At $187.76 the consensus price target is below the current price action but does not fully reflect the recent trend. Over the past month, there’ve been 8 analyst calls, all bullish, with 3 rating upgrades and 5 price target hikes. Of those 8, the consensus for the share price is closer to $226 or about 12% upside and we think that target is a little low.
Analyst Michael Lasser of UBS: “While it’s widely expected that HD and LOW will report strong SSS (same-store sales) we believe the degree of the flow-through that both retailers will generate will push the consensus forecasts meaningfully higher. Plus, the companies will provide indications that the momentum can continue even as they encounter tough compares.”

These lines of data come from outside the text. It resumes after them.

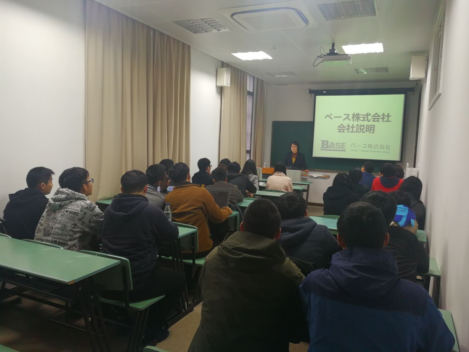 宣讲会的第一部分,日方代表对日本贝斯株式会社的具体情况作了介绍。贝斯株式会社是由在日华人创办的软件开发企业,公司总部位于日本东京的秋叶原UDX8F。公司业务主要面向金融、流通、SAP领域开发,拥有富士通集团、金融大手瑞穗集团、野村综研、埃森哲、TIS、kabu.com等客户,是富士通集团、野村综研的核心合作伙伴之一。接下来,日方代表用具体的数字向同学们介绍了公司的发展状况。公司创立20年来业绩持续增长,2016年的营业额超过48亿日元,经常利润超过8亿日元。除工作以外,还介绍了丰富的业余活动俱乐部,包括滑雪、插画、足球、篮球、网球、摄影等等。
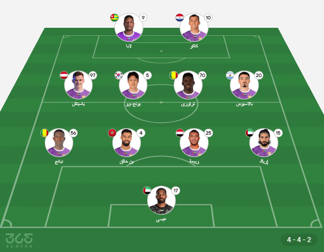 خط الوسط: أديس ياسيتش، عبد الكريم تراوري، بالاسيوس، بارك يونج وو
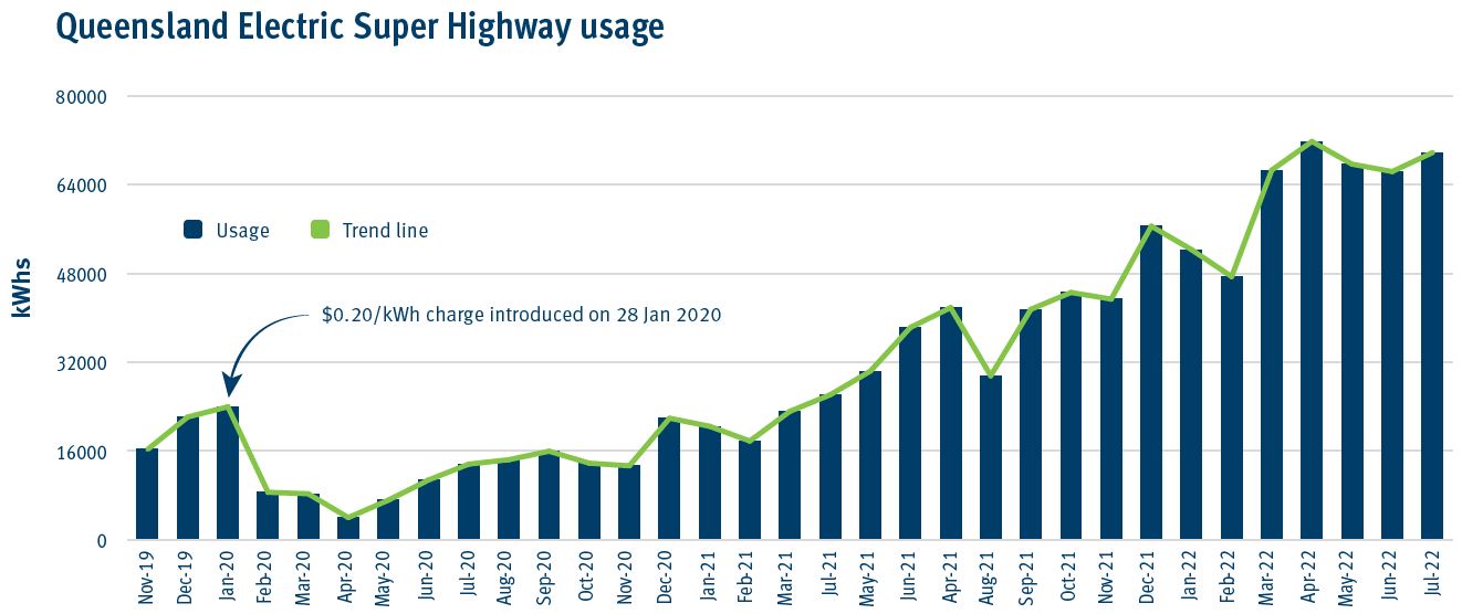 This graph shows the number of kilowatt-hours used along the Queensland Electric Super Highway from November 2019 to July 2022.
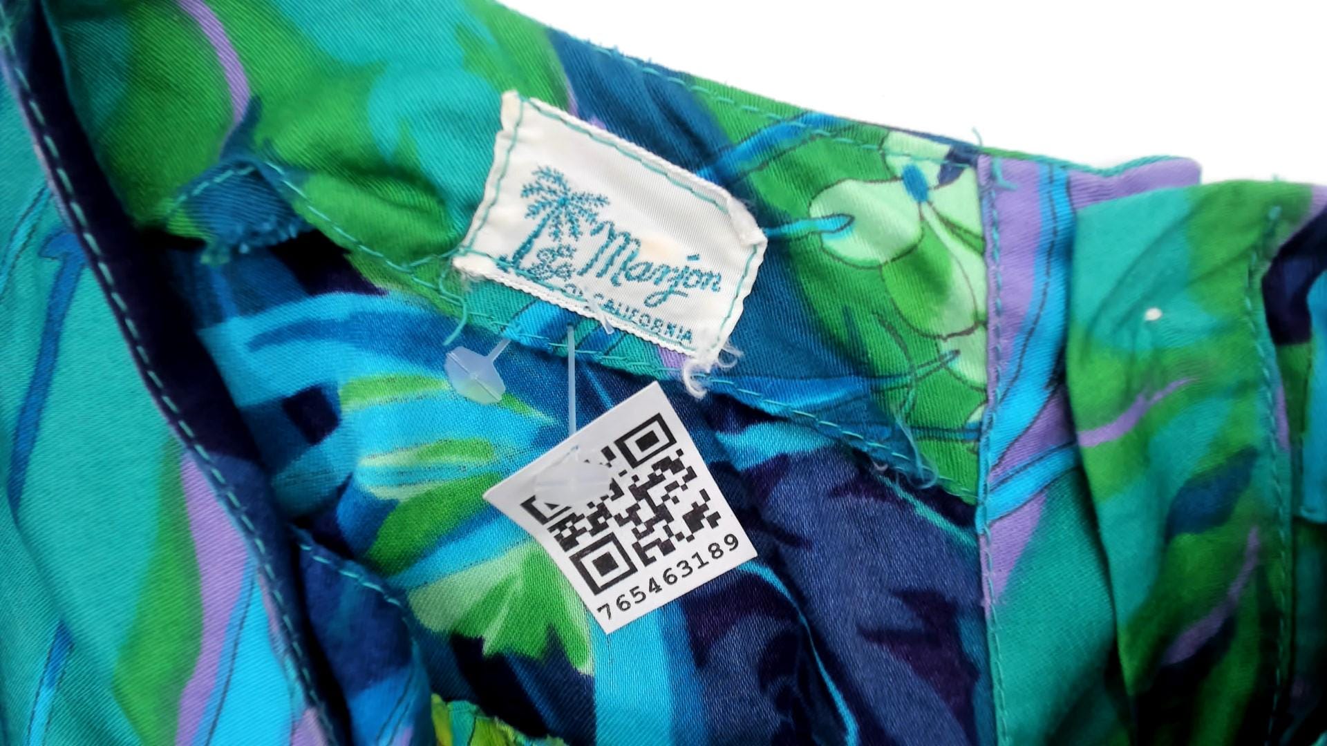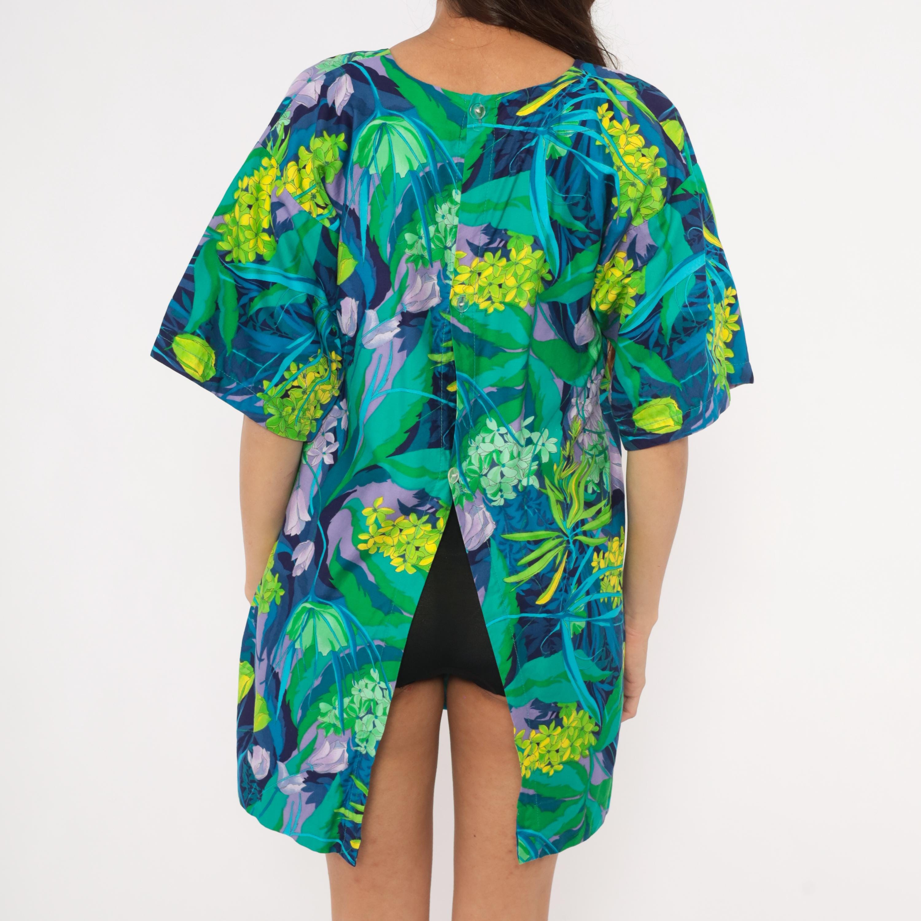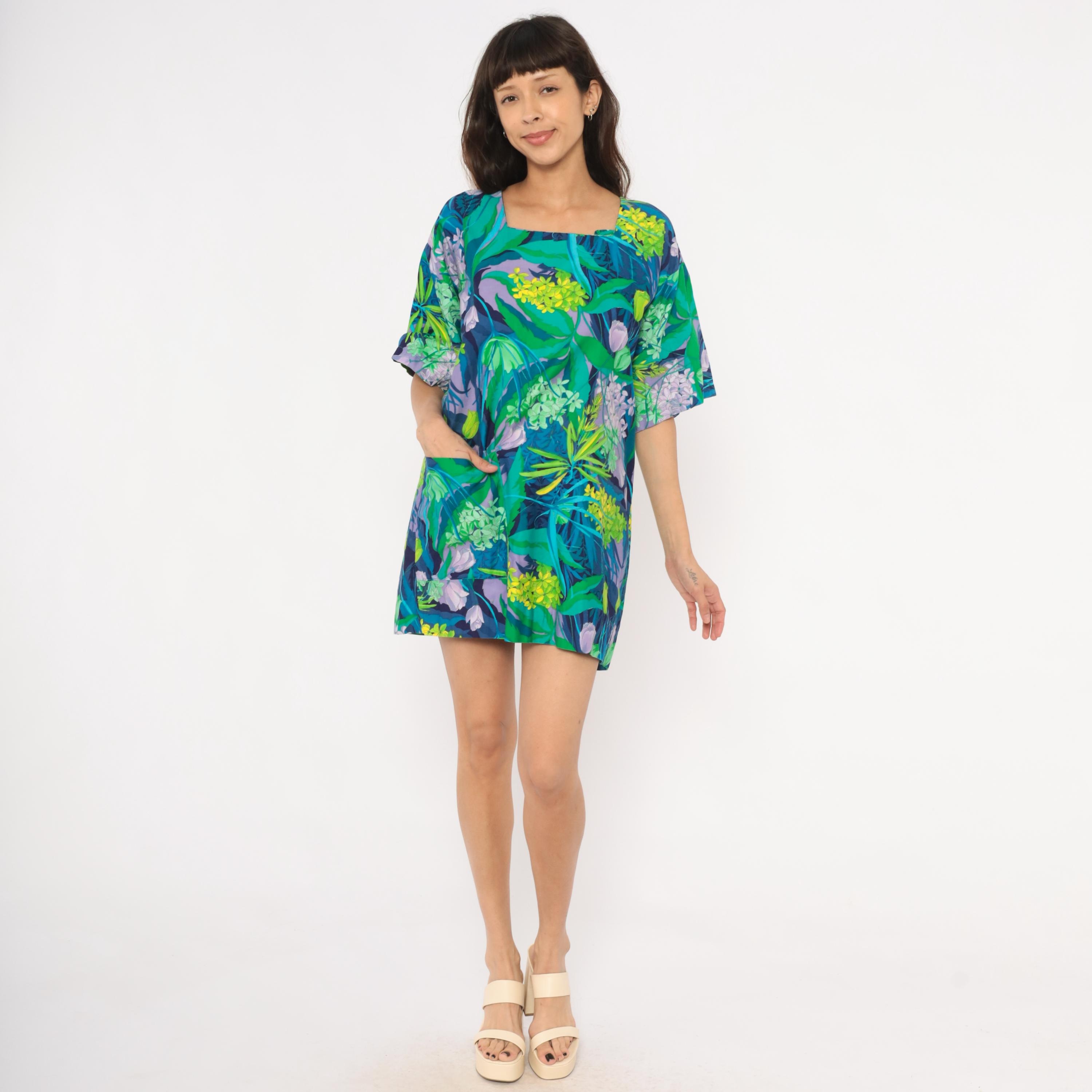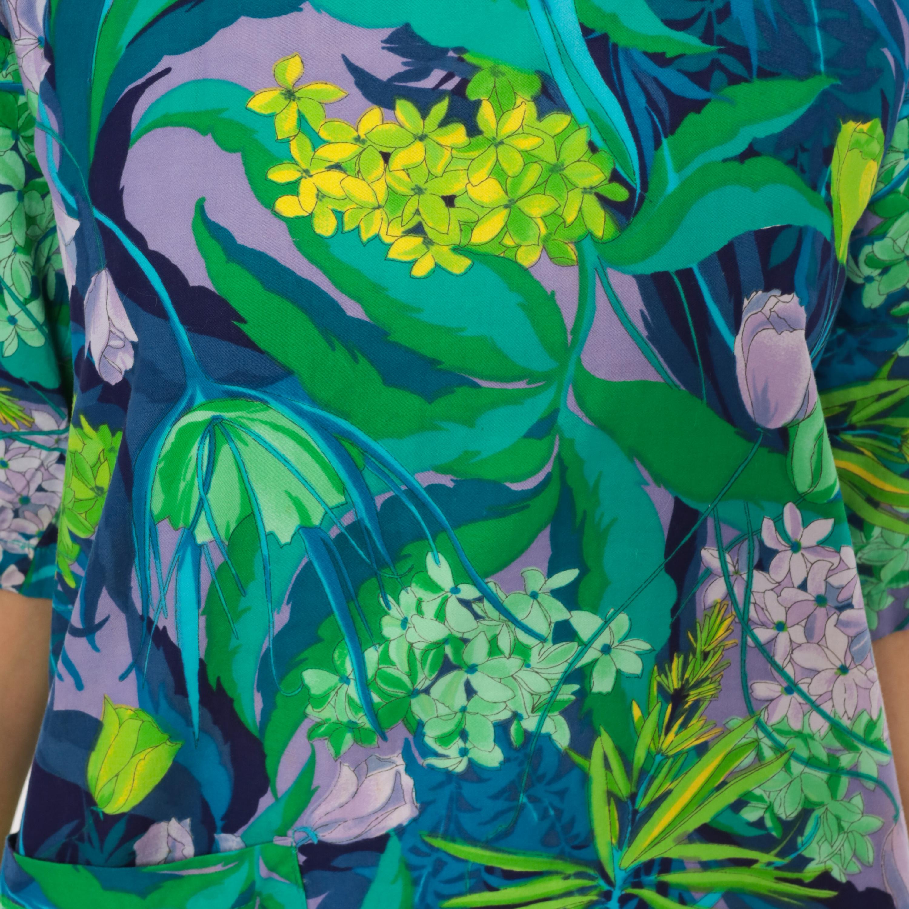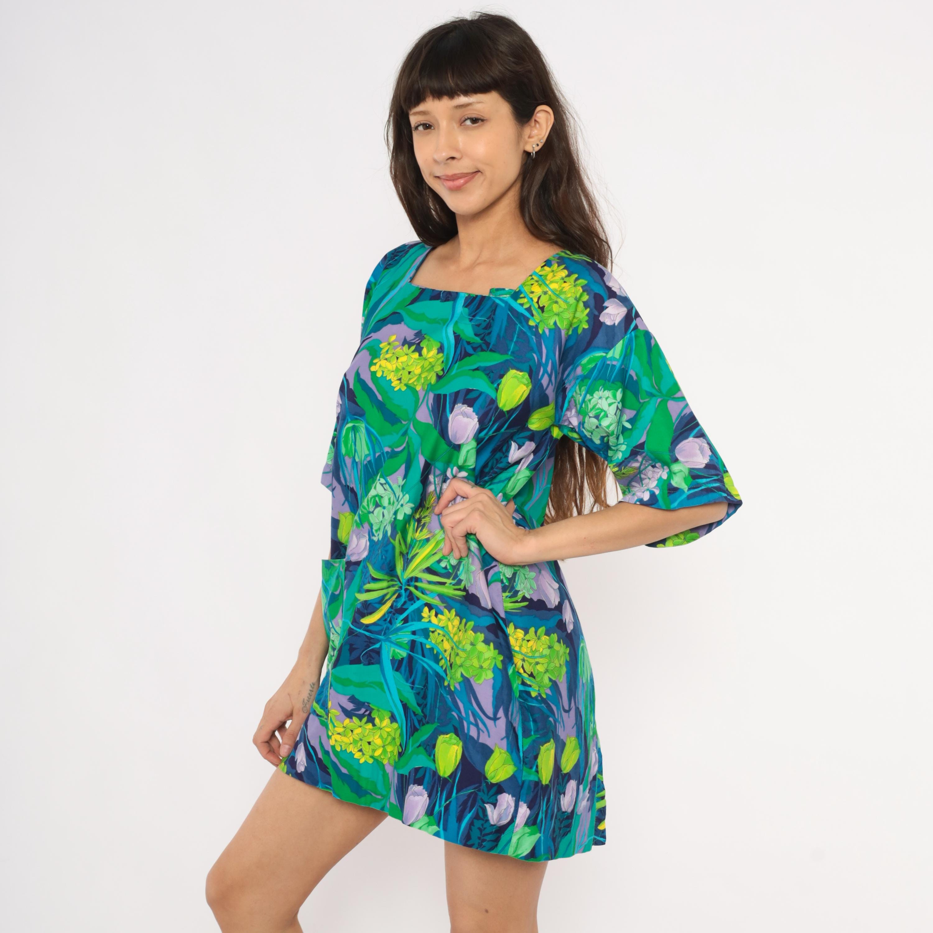 70s tropical botanical print mini tunic dress from Marjon with a square neckline, short wide sleeves, and back button closure with an open slit at the hem. Green, teal, purple, lavender, and yellow floral pattern across the entire garment with illustrations of hydrangeas, tulips, and leafy foliage. Front patch pocket on the left hip, relaxed straight silhouette.

Lowe’s Is A Value For Dividend-Growth Investors
Lowe’s presents a value relative to the broad market by trading at 19X this year’s earnings compared to 22X for the broader market. At the same time, the company is in much better financial shape and pays a very safe 1.25% dividend as well. In our view, the company should not only be able to sustain its 57-year history of increases but also its high 16% distribution CAGR. Home Depot, on the other hand, yields closer to 2.0% but trades at a 24X/23X multiple and with a less robust outlook for dividend growth. Home Depot has a 12-year history of dividend increases and should be able to sustain future increases but at a reduced rate to the current 20% CAGR. Home Depot’s payout ratio is closer to 50% of earnings which greatly reduces its ability to sustain robust increases.
Analyst Brian Nagel of Oppenheimer: “For a while, we have maintained a largely cautious and selective stance towards consumer, and in particular shares of key COVID-19 winners, upon concerns of a forthcoming post-pandemic normalization in spending and more challenging comparisons. We are not signaling an ‘all clear’ for LOW or our coverage, broadly. Instead, our refreshed, more upbeat call on Lowe’s is largely tactical in nature and hinged upon prospects for a continued flow of funds into more cyclically focused equities and a now historically discounted valuation versus that of Home Depot.”
The Technical Outlook: Lowe’s Pulls Back Ahead Of Earnings
Shares of Lowe’s were not immune to the malaise that gripped the market this week. The stock pulled back a little more than 5.0% in what looks like a knee-jerk reaction to news. The price action is already finding support at the 30-day moving average where think buying could be strong enough to hold prices up. If not, shares of Lowe’s may pull back into a deeper correction with a possible bottom at $180. The risk for investors is the earnings report next week and how the market reacts. We are sure the report will be good, possibly much better than consensus, the question is whether the stock will be rewarded for it. So, while Lowe’s is an attractive buy going into earnings it is also a risky one that bears caution. Even if the earnings report is good there may still be a better time to buy.